The Egyptian parliament has extended the decades-long emergency lawthat was put in place after the assasination of Anwar Sadat, the late Egyptian president, almost 30 years ago.

The government has decided to ease some of those original restrictions, although the law would still apply to terror and drugs cases.

Analysts argue that the latest step is a legal ploy that masks the law’s violation of basic human rights.

The following is a list of arrests made under the emergency law this year:

May 4Egyptian police search the home of Muslim brotherhood leaders Gamal Heshmat and Ossama Suleiman, in a “planned ambush” following their surprise arrest in the northern city of Damanhour. The leaders were calling for democratic reforms.   

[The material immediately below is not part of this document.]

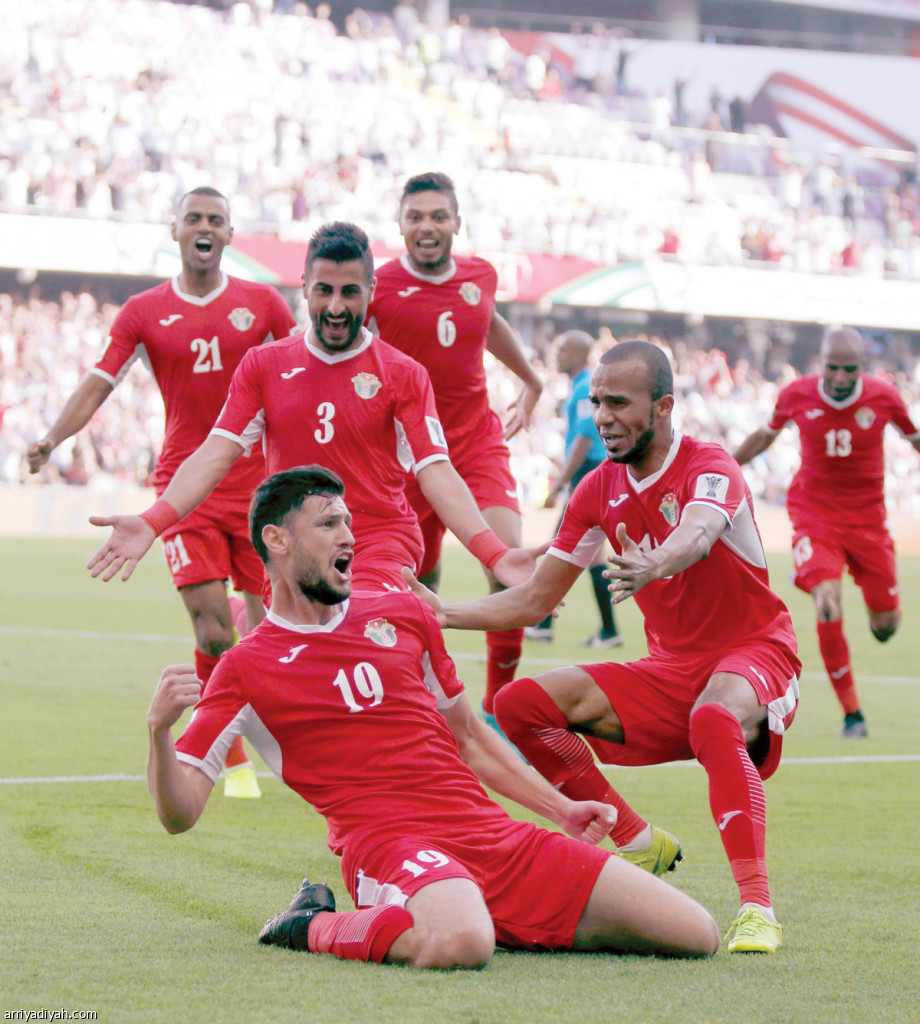 صورة التقطت أمس لأنس بني ياسين لاعب المنتخب الأردني يحتفل مع زملائه بتسجيله هدف الفوز على أستراليا (الألمانية)
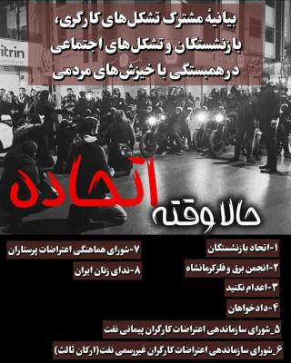تداوم قاطعانهٔ اعتراضات، گسترش اعتصابات، هوشیاری و اتحاد، ضامن پیشروی ما و تحقق آرزوهای سرکوبشدهمان است. راهی را که انتخاب کردیم با قدرت ادامه میدهیم و با اتحاد و همبستگی خود به این بردگی، فقر، خفت و نابرابری پایان خواهیم داد.

April 28 – An Egyptian court convicts 26 men of planning terrorist attackson ships and tourist sites. The men, given prison terms of various lengths – some with hard labour – are accused of working for the Hezbollah, the Lebanon-based Shia group.

April 6 – More than 90 people are detained in Cairo for taking part in demonstrations calling for political reform. Many protestors are beaten and kicked. Ayman Nour, the former presidential candidate, and several members of his al-Ghad political party are reportedly assaulted and prevented from leaving the party’s offices in central Cairo.

March 15 – Egyptian police arrest 15 students at Cairo University for taking part in anti-Israeli demonstrations. A security official says that the detainees are associated with the banned opposition group, the Muslim Brotherhood.

March 12 – Muslim Brotherhood leaders are arrested from their homes, 53 protestors are arrested outside Abu Magda Mosque in Al-Ismaliya and 70 more in Maidan al-Sharqiya, of which eight are women, following demonstrations against the lockdown of al-Aqsa Mosque in Jerusalem by Israeli forces.

Feburary 8 – Mahmoud Ezzat, the Islamic Brotherhood’s newly elected deputy leader, and two other members of the group’s guidance council – identified as Essam el-Erian and Abdul-Rahman el-Bir – are arrested for “engaging in banned political activity”.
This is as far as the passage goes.